For Pardhi women, the burden is heavier; raising children alone in tin shanties, or being cast out when a husband takes a second wife. Even their vocabulary bears the weight of patriarchy. Javharne refers to an animal sacrifice during remarriage, often when a man deserts his first wife. Batai is a slur, branding a woman as “spoiled” or “damaged”. Yet, voices like Vishal Pardhi’s offer cautious hope. Also known as Zulya, he was arrested not on a complaint but for his surname. No FIR, no inquiry — just custody. Today, he works with the Samvidhan Krupa Board, and has a home through the Awas Yojana; he lives with his wife in Ahmednagar. His story, born in detention, now speaks of self-respect, a shift from inherited blame to constitutional belonging. Listening to dialects like his demonstrates how much India doesn’t know about its own people, and how rarely we listen.
Shamrao Shinde, a second-generation Vaidu, shares the loss of his traditional occupation upon discovering his father’s old bottles of remedies
The Wadars tell stories of stones, quarries, pulverised pebbles, and gashed feet. Couples leave children behind to labour in the sun, moving from site to site, barely earning enough to eat.
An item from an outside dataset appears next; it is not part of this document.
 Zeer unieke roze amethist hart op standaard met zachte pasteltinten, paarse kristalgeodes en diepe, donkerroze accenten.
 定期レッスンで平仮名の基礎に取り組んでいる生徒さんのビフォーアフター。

Their lexicon remembers sutki, channi, and hathoda — the lost tools of a three-tiered trade: blasting with explosives, shaping boulders, and carving idols from black basalt to build temples that they themselves will never be allowed to enter.
Originating from Kutch and migrating to Maharashtra, the Dombaris build a life from movement and performance. In their speech, the rope is a line stretched between bamboo poles where daughters balance barefoot. Elders twist rings through their ribs, women lift pots with their hair. At Madhi, near the Kanifnath shrine, their tents rise each year. A collapsing circus of caste, labour, and loss follows them.
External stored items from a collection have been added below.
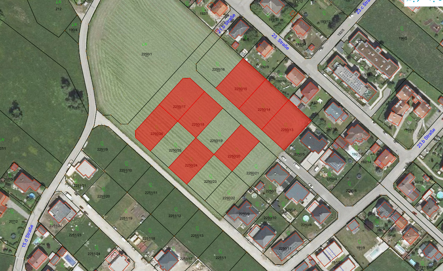 Die rot markierten Grundstücke sind zum Kauf verfügbar.
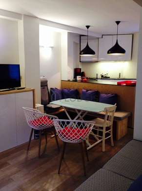 This apartment consists of kitchen and all the essential equipment for your daily life: hob, refrigerator, freezer, oven, microwave oven, extractor hood, kettle, coffee-maker, cupboard, crockery, bar.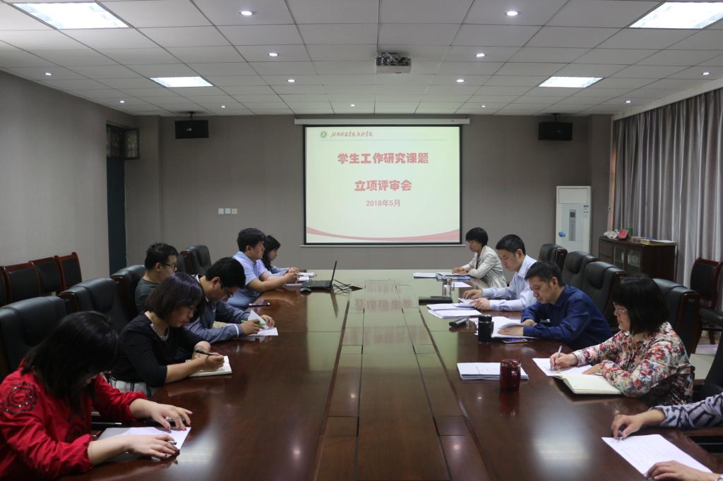 5月2日下午,我院2018年学生工作研究课题立项评审会在12号教学楼第二会议室举行。我院副院长张宝剑、姚素梅,党委副书记熊仁杰以及科研部主任王淑云、生化系主任王秀鸽、思政部马艳红、陈亚敏作为评委参加了会议。会议由学工部大学生心理健康教育与指导中心主任郭丽娟主持。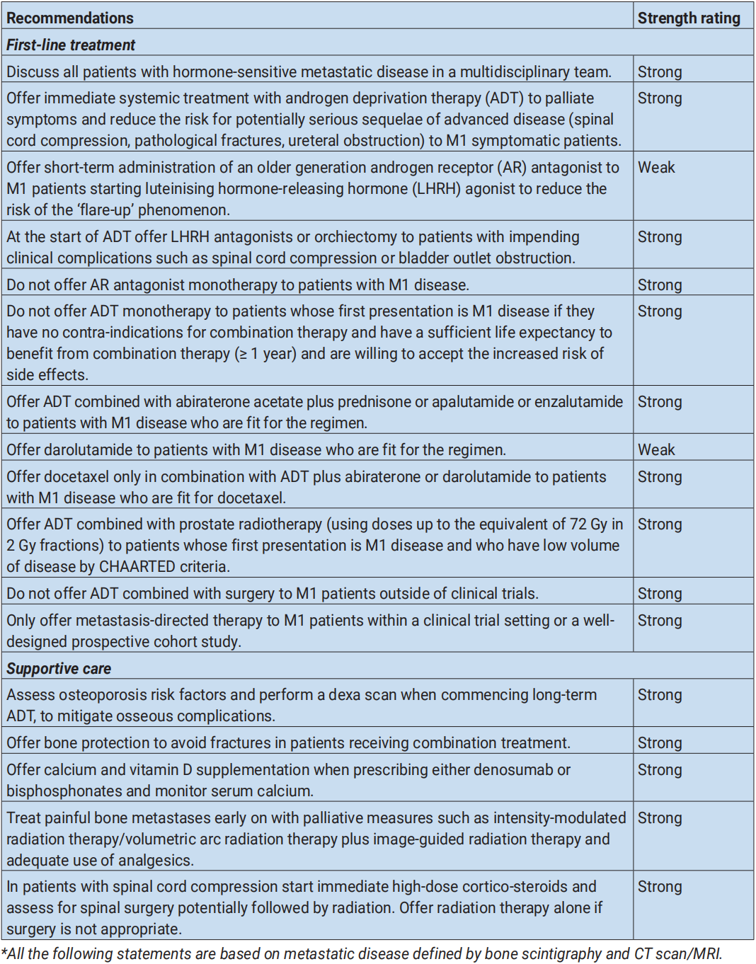 第6.6.9节-激素敏感性转移性疾病一线治疗建议中关于在多学科团队中讨论所有激素敏感性转移性疾病患者的新建议。

Teen Dagdanchya Chulila Teen Taareche Kumpan is a reckoning with how language erodes when livelihoods disintegrate. This book is a vehicle for remembering how numerous tribes operate their clusters in secret dialects — Gupt Boli — out of sheer necessity. These tongues, often called Farsi or Farasi, are codes to identify who is inside, who is outside, and how secure one is.
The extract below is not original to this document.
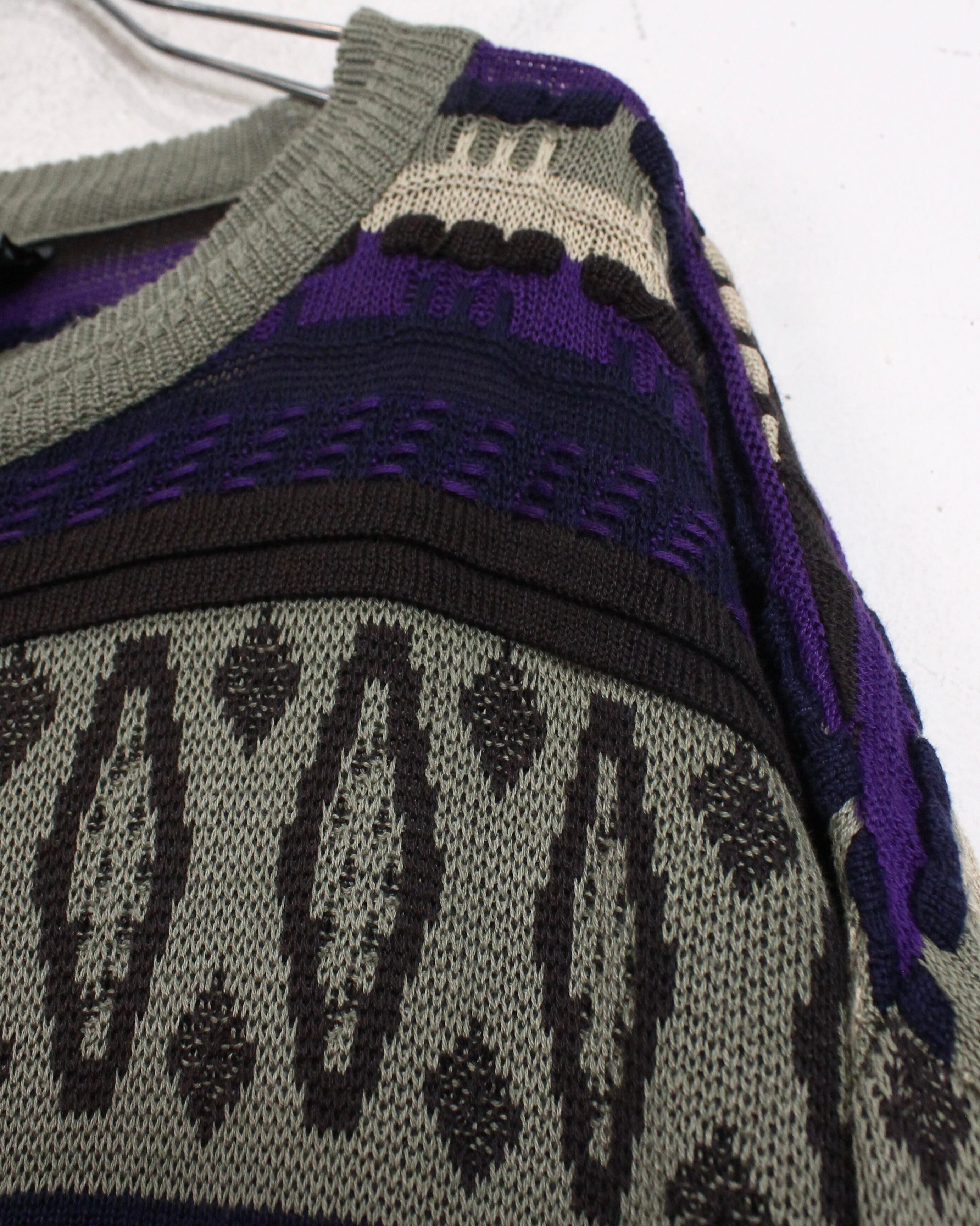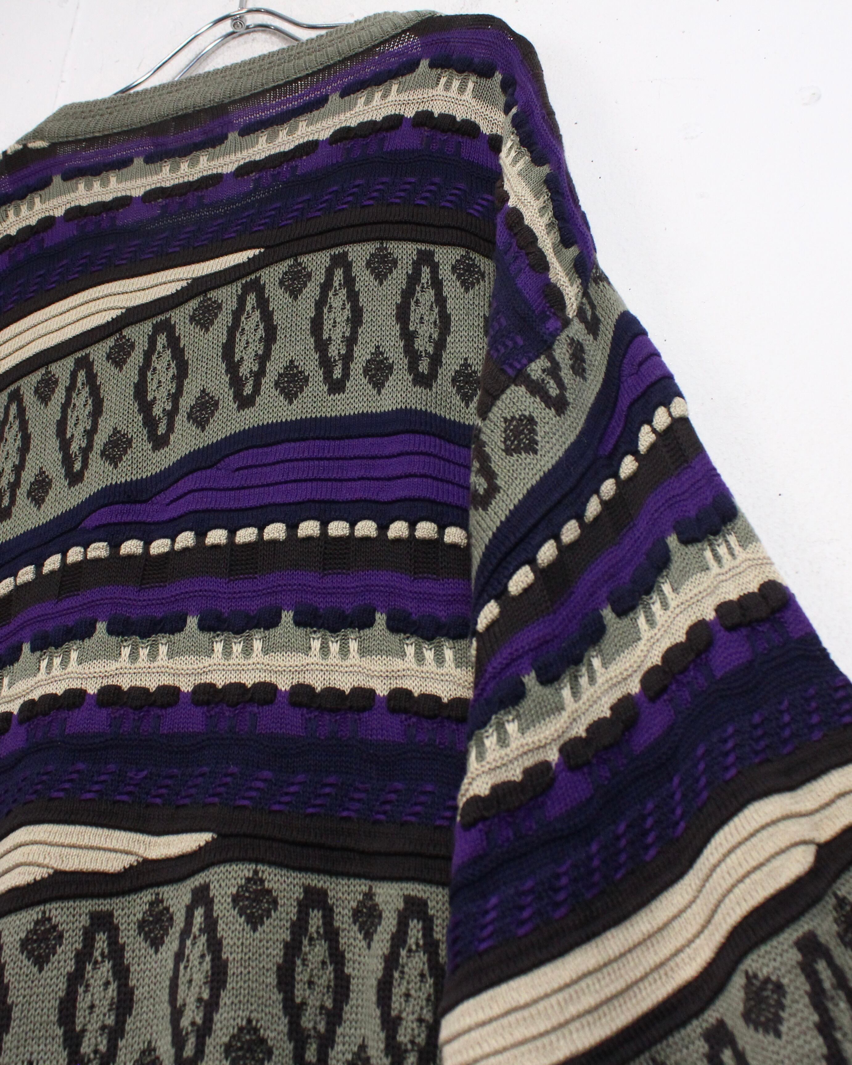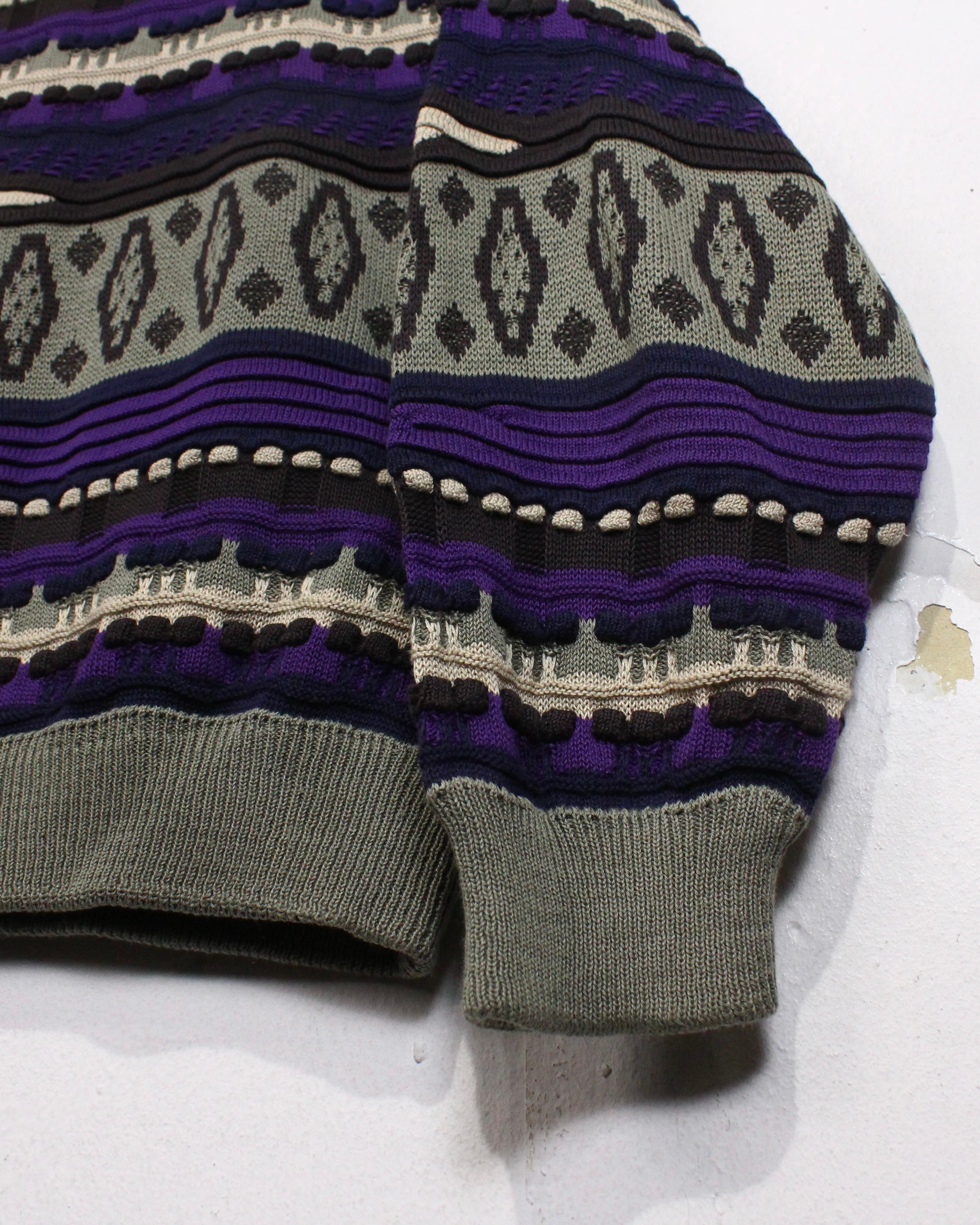 切り替えの中に、凹凸のある立体編みや幾何学モチーフを組み込み、クオリティの高さを感じられます。

It’s striking that these tribes struggle for mainstream integration despite deep linguistic ties with fellow Indians. The Banjara speak Gorboli or Gormati, echoing Marwari and Gujarati. The Bhamtas borrow from Rajasthani, Gujarati, Hindi, Marathi. The Berads carry Telugu, Tamil, and Kannada in their tongue. The Kaikadi dialect, sometimes called Kuloor, belongs to the Dravidian family. The mix encourages code-switching with stunning fluency.
In an age of renewed debate over which three languages Maharashtra should uphold, nomadic and denotified tongues remind us of something older and deeper — a grammar of coexistence shaped not by rules, but by the will to survive and remain unseen.